Figure 20a,b show the mechanical stress and displacement that occurs at 14,400 rpm (20% overspeed) for the base machine with N45UH magnets and epoxy-filled rotor pockets. Stress concentrations are most pronounced at the inner rotor and extend toward the inner tip of the first rotor pocket, where the stress levels peak at 186 MPa. Lesser stress concentrations are observed at the bridges, as expected. Despite these variations, the PMSM operates with a factor of safety of 2.39 and an average stress of 43.9 MPa. The corresponding peak displacement of 0.02 mm is deemed acceptable and is concentrated in the gap between the layers and outer magnet layer bridge section, presenting no issues with rotor-stator clearance.

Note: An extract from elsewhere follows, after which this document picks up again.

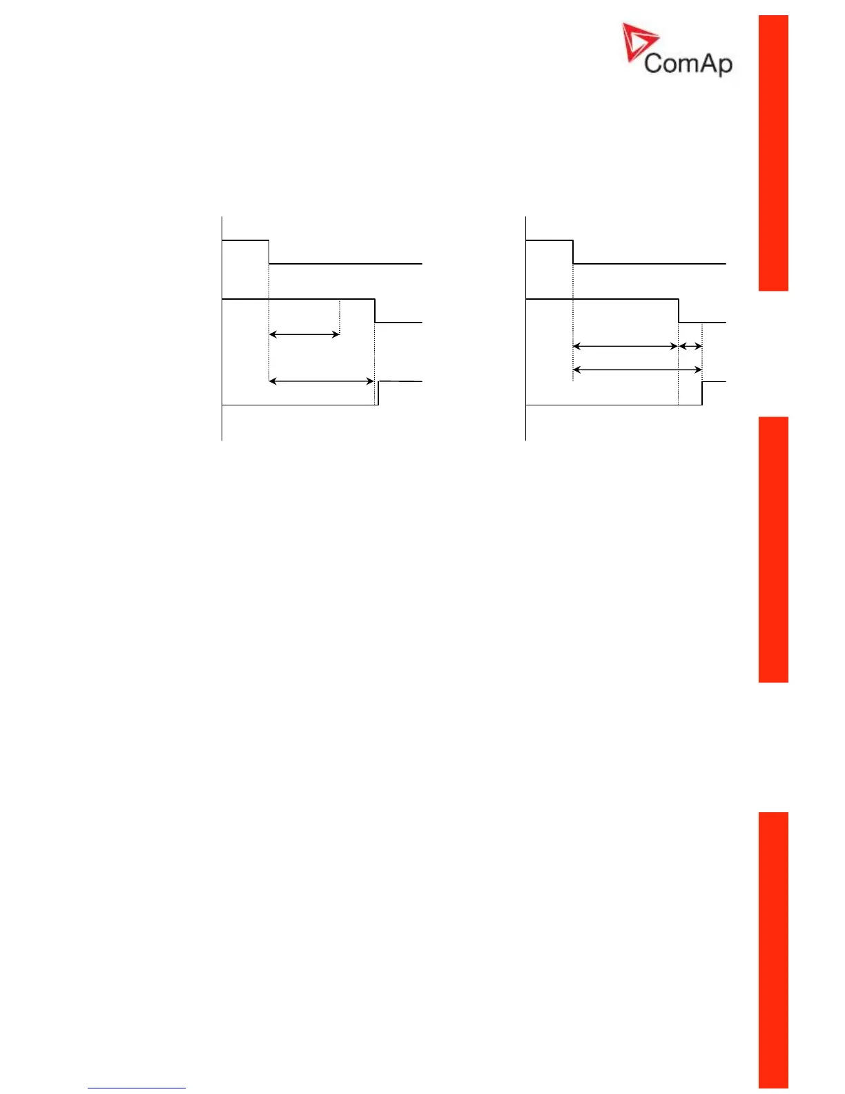 The time charts bellow show recommended setting of AMF Settings: Transfer Del setpoint.

Figure 21a shows the stress experienced within a section of the PMaSynRM. The tangential ribs bear much of the force as well as the bridges. Noting that the yield stress of the electrical steel is 445 MPa, the stress model shows an acceptable level of stress with an average of 27.08 MPa. It is likely that the peak of 352 MPa is found in the corners, which could be rectified by employing larger magnet and lamination corner radii. The displacement of the flux barriers of the machine in Figure 21b is highest near the bridge of the outermost flux barrier and could be critical if the distance between the air gap was compromised. Fortunately, the displacement reaches no more than 0.025 mm, which is an acceptable level, encroaching no more than 2.5% of the air gap.

Despite an average mechanical stress of 68.6 MPa, the rotor experiences two maxima in the corners (570 MPa), which is beyond the yield stress in Figure 22a. However, this should not be a cause for concern for the topology with an adjustment of the corner radii. Displacement is highest in the pole-edge tips at 0.028 mm and the winding in Figure 22b. Study [70] identified stress concentrations in the same locations, all of which were significantly below their material’s yield stress because of smoother corner radii on either side of the rotor winding.

It is important to note that due to the slight decrease in density that the recycling process yields, a marginal decrease in stress is seen in these variations. The use of ferrites results in a more pronounced decrease in stress and displacement due to the ferrite density of 4800 kg/m³ versus 7600 kg/m³ for the N45UH magnets. These are shown in

Table 5. Mechanical results for all machine variations.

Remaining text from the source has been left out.